A niche rule established by the US Forest Service to justify the clearing of tens of thousands of acres of forest in the name of reducing wildfire risk was unlawfully created and applied, the Oregon US District Court found last week, invalidating its future use across the United States. 

Federal agencies have long used a range of “categorical exclusions” for projects deemed to have an insignificant environmental impact, allowing them to forgo the environmental assessments and impact statements required under the National Environmental Policy Act (NEPA). Federal agencies claim this helps reduce paperwork and save time on activities that have a negligible negative environmental impact. 

In 1992, the US Forest Service created Categorical Exclusion 6, or CE-6, focused on timber stand and wildlife habitat improvement—including forest thinning to reduce wildfire hazard. Over the years, the Forest Service has used CE-6 to expedite vegetation management projects, quickly cutting through red tape. 

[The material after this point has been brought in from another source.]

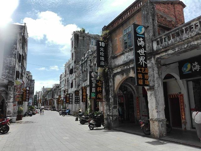 • 概况:包括珠海路、中山路、沙脊街等街区,建于清同治、光绪年间,是中国保存最长的骑楼老街之一,又称“百年西洋街”。建筑多为具有浓郁西洋风情和岭南特色的骑楼,可欣赏铺趸、置业碑、壁画、旧当铺等人文景观。
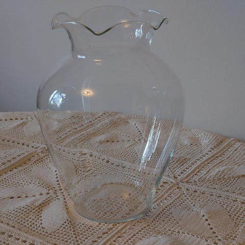 Pikku maljakko jossa sivuilla ripustuslenkit. Mitat: kork. 13,5cm leveys max. 7cm. Vain nouto.

Given the intent of categorical exclusions, environmental groups argued that CE-6 should have been used for small-scale projects. But the exclusion contained no acreage cap, volume limit, or project-size constraint. By the early 2000s, the Forest Service was routinely using CE-6 to authorize large-scale commercial logging projects with marketable timber sales under the auspices of wildfire management on public lands. 

“Calling out fire is not enough to get you a get-out-of-jail free card, you have to back it up with some actual truth.” 

“Most of these categorical exclusions used for logging have been framed as wildfire emergency prevention schemes,” said Timothy Ingalsbee, executive director of Firefighters United for Safety, Ethics, and Ecology, who was not involved in the lawsuit. “The agency screams ‘Fire!’ and thinks they can induce panic in the public and in the courts, and especially in the politicians who are naturally inclined to favor industry, and they can get away with it.” 

The issue reached a head when, in December 2021 and May 2022, the Forest Service authorized three commercial tree thinning projects covering 29,000 acres in southern Oregon’s Fremont-Winema National Forest under CE-6. No environmental impact assessment was carried out for these vast timber harvests. 

Conservation nonprofits Oregon Wild, WildEarth Guardians, and Green Oregon Alliance sued the Forest Service in 2022 over the creation and application of CE-6. On January 13, the federal judge presiding over the case ruled in their favor. 

Judge Michael McShane wrote in his decision that the Forest Service’s decision to allow unlimited commercial thinning under CE-6 was arbitrary and capricious. “Because the record before the Court does not show the Forest Service considered the impact of thinning at any scale, commercial or otherwise, the Court cannot conclude the Forest Service engaged in a ‘reasoned decision’ regarding environmental impacts of the actions authorized by CE-6,” he wrote. 

The federal ruling, environmental groups said, is a massive victory beyond just Oregon. Over the past two decades, CE-6 has been applied in dozens of forests across the western and eastern United States, from the Pacific Northwest to the Rocky Mountains. One WildEarth Guardians review of 175 Forest Service projects found that CE-6 was the most commonly used categorical exclusion, applied to more than three million acres. 

“This case demonstrates that…calling out fire is not enough to get you a get-out-of-jail free card,” said Ralph Bloemers, executive director of Green Oregon Alliance. “You have to back it up with some actual truth.” 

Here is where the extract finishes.